Best Practices for Element Iteration
1. Cache Collections for Performance
# Cache the NodeSet instead of re-querying
products = doc.css('.product')
products.each do |product|
name = product.at('.name').text
price = product.at('.price').text
# Process each product...
end
2. Use Appropriate Enumerable Methods
# Use each for side effects (printing, saving to database)
doc.css('.item').each { |item| puts item.text }
# Use map for transformations
item_data = doc.css('.item').map { |item| item.text.strip }
# Use select for filtering
active_items = doc.css('.item').select { |item| item['class'].include?('active') }
# Use find for single matching element
first_match = doc.css('.item').find { |item| item.text.include?('search term') }
3. Handle Missing Elements Gracefully
doc.css('.product').each do |product|
# Use safe navigation to handle missing elements
name = product.at('.name')&.text&.strip
price = product.at('.price')&.text&.strip
# Skip products with missing required data
next unless name && price
puts "#{name}: #{price}"
end
4. Optimize for Large Documents
# Use streaming for very large XML documents
require 'nokogiri'
class ProductParser < Nokogiri::XML::SAX::Document
def initialize
@products = []
end
def start_element(name, attributes = [])
if name == 'product'
@current_product = {}
end
end
def characters(string)
# Process character data
end
def end_element(name)
if name == 'product'
@products << @current_product
end
end
end
# For extremely large XML files
parser = Nokogiri::XML::SAX::Parser.new(ProductParser.new)
parser.parse(File.open('large_file.xml'))
Common Patterns and Use Cases
Processing Navigation Menus
# Extract navigation structure
nav_items = doc.css('nav ul li').map do |item|
link = item.at('a')
{
text: link&.text&.strip,
href: link&.[]('href'),
active: item['class']&.include?('active')
}
end
Extracting Product Information
# E-commerce product listings
products = doc.css('.product-card').map do |card|
{
title: card.at('.product-title')&.text&.strip,
price: card.at('.price')&.text&.gsub(/[^\d.]/, '').to_f,
rating: card.css('.star.filled').length,
image_url: card.at('img')&.[]('src'),
availability: card.at('.stock-status')&.text&.strip
}
end
# Filter available products
available_products = products.select { |p| p[:availability] == 'In Stock' }
Processing Data Tables
# Extract table data with headers
table = doc.at('table')
headers = table.css('thead th').map(&:text)
data = table.css('tbody tr').map do |row|
cells = row.css('td').map(&:text)
Hash[headers.zip(cells)]
end
Integration with Data Storage
Saving to JSON
require 'json'
# Extract and save data
scraped_data = doc.css('.item').map do |item|
{
id: item['data-id'],
title: item.at('.title').text,
description: item.at('.description').text,
timestamp: Time.now.iso8601
}
end
# Save to JSON file
File.write('scraped_data.json', JSON.pretty_generate(scraped_data))
Database Integration
# Example with ActiveRecord (Rails)
doc.css('.article').each do |article_element|
Article.create!(
title: article_element.at('h2').text,
content: article_element.at('.content').text,
author: article_element.at('.author').text,
published_at: Time.parse(article_element.at('.date').text)
)
end
Conclusion
Iterating through collections in Nokogiri is straightforward thanks to Ruby's powerful enumerable methods. Whether you're extracting simple lists or processing complex nested structures, the combination of CSS selectors and enumerable methods provides a flexible and efficient approach to data extraction.
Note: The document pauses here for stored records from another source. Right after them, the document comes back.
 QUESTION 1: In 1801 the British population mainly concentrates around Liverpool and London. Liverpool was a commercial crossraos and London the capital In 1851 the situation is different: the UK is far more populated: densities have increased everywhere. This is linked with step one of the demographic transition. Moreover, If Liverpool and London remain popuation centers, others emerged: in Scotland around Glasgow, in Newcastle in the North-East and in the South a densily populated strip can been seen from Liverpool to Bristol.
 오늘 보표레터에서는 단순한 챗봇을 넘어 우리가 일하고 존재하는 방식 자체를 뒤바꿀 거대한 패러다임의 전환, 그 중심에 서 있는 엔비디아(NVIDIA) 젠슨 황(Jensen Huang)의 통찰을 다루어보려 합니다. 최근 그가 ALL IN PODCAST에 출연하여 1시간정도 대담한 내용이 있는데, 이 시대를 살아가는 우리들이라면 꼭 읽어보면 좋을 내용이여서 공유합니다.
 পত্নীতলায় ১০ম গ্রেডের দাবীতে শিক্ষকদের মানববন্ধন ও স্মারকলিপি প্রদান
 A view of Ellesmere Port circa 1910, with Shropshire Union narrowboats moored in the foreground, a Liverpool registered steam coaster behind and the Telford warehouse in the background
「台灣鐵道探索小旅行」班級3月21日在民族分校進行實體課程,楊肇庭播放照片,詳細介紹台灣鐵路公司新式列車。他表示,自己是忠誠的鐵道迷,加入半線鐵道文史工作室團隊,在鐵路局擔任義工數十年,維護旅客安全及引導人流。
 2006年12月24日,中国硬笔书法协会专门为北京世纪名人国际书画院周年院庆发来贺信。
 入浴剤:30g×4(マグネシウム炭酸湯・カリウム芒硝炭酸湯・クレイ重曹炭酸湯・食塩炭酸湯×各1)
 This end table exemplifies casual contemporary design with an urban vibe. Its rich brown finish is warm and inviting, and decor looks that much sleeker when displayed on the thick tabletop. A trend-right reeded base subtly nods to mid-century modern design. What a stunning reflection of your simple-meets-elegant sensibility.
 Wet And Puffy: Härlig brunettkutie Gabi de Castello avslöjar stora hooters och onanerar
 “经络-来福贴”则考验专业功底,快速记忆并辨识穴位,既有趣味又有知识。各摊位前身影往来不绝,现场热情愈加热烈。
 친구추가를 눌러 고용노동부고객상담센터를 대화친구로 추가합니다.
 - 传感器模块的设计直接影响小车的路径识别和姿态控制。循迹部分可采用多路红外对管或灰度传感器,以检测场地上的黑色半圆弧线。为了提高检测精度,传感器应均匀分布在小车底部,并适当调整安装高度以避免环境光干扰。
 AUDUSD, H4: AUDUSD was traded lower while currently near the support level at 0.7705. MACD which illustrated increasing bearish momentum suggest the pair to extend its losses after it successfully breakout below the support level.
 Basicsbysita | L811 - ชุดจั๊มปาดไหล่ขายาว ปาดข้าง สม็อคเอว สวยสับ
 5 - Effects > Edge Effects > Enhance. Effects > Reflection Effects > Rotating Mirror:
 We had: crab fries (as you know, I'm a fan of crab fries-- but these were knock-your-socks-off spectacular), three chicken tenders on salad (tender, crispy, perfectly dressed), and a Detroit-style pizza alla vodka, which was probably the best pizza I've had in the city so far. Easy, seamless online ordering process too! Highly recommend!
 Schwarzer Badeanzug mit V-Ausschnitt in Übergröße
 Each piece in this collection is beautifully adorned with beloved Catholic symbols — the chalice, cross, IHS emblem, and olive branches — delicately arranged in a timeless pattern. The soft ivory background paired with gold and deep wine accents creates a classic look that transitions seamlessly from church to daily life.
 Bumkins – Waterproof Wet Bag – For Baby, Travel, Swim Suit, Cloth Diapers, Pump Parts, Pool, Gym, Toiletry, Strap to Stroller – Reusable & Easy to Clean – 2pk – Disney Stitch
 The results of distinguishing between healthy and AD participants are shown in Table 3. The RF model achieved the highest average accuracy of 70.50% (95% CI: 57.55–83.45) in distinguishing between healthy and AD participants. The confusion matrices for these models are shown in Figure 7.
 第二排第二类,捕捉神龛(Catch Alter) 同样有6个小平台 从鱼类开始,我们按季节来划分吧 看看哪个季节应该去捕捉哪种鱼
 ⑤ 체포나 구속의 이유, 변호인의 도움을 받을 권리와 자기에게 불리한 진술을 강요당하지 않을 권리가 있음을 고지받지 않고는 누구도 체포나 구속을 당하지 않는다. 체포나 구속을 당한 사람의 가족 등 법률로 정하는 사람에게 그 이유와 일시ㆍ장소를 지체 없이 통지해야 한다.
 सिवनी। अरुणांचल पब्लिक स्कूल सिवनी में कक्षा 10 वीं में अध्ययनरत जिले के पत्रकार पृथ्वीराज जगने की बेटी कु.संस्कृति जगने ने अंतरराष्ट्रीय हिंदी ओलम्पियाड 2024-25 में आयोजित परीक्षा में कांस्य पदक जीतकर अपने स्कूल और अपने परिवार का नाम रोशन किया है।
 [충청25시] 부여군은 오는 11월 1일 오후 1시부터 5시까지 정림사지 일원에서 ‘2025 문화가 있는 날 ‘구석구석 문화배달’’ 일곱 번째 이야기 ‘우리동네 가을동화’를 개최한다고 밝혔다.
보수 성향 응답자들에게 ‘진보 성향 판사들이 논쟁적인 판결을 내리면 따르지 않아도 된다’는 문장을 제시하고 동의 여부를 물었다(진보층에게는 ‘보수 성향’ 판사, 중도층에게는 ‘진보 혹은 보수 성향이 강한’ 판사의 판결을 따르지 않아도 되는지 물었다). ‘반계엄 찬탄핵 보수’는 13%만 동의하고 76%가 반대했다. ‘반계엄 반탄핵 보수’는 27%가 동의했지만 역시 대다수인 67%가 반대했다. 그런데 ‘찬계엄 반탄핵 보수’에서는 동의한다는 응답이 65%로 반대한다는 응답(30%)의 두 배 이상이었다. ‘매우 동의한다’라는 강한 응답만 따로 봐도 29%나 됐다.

Key takeaways for effective iteration:
- Cache collections to avoid repeated DOM queries
- Choose the right enumerable method for your use case
- Handle missing elements with safe navigation
- Process large datasets efficiently with chunking and streaming
- Combine with error handling for robust scrapers
- Consider browser automation for JavaScript-heavy content
With these techniques, you'll be able to efficiently extract data from any HTML or XML document structure while maintaining clean, readable, and performant code.